Question

A point P is moving on a circular path in anti clock wise direction as shown in adjoining diagram. The motion of P is such that it covers length s = t³ + 5, where s is in meters and t in seconds. Radius of the path is 20 m. When t = 2 s, then acceleration of P is approximately:

(a) 1.3 ms^-2

(b) 1.2 ms^-2

(c) 7.2 ms^-2

(d) 4 ms^-2

Answer 1

Correct option is : (d) 4 ms^-2

Given: S = t³ + 5; r = 20 m

Linear velocity of the particle,

\(v = \frac{ds}{dt} = \frac{d}{dt}[t^3 + 5] = 3t^2\)

Velocity at t = 2s, v = 3(t)² = 3 x (2)²

= 3 x 4 = 12 ms^-1

Linear acceleration a =  \(\frac{dv}{dt} = \frac{d}{dt}(3t^2) = 6t\)

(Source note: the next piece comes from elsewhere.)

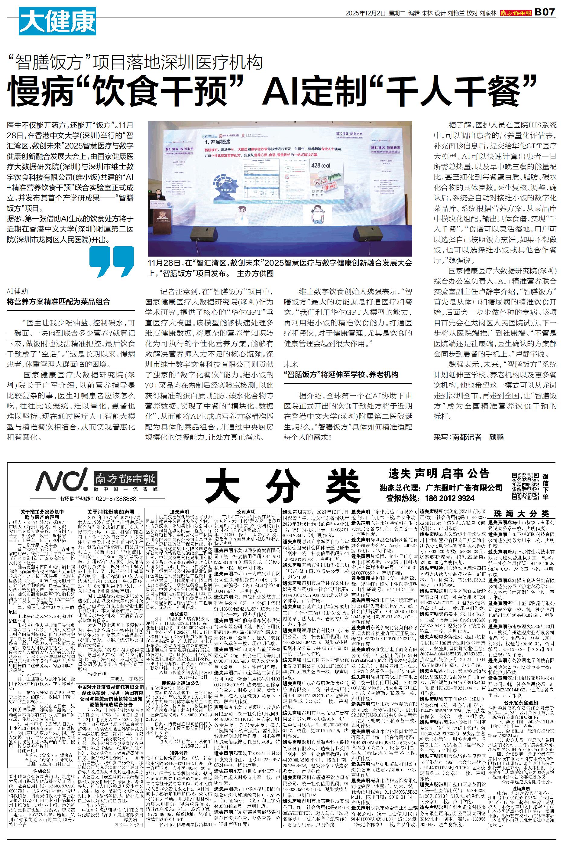 医生不仅能开药方,还能开“饭方”。11月28日,在香港中文大学(深圳)举行的“智汇湾区,数创未来”2025智慧医疗与数字健康创新融合发展大会上,由国家健康医疗大数据研究院(深圳)与深圳市维士数字饮

At t = 2s, a_T = 6 x 2 = 12 ms^-2

Radial acceleration

\(a_c = \frac{v^2}{r} = \frac{12\times12}{20} = 7.4\ ms^{-1}\)

∴ Resultant acceleration

\(a = \sqrt{a_c^{2} + a_T^{2}} = \sqrt{(7.4)^2 + (12)^2}\)

or a = 14 ms^-2

Hence, option (d) is correct.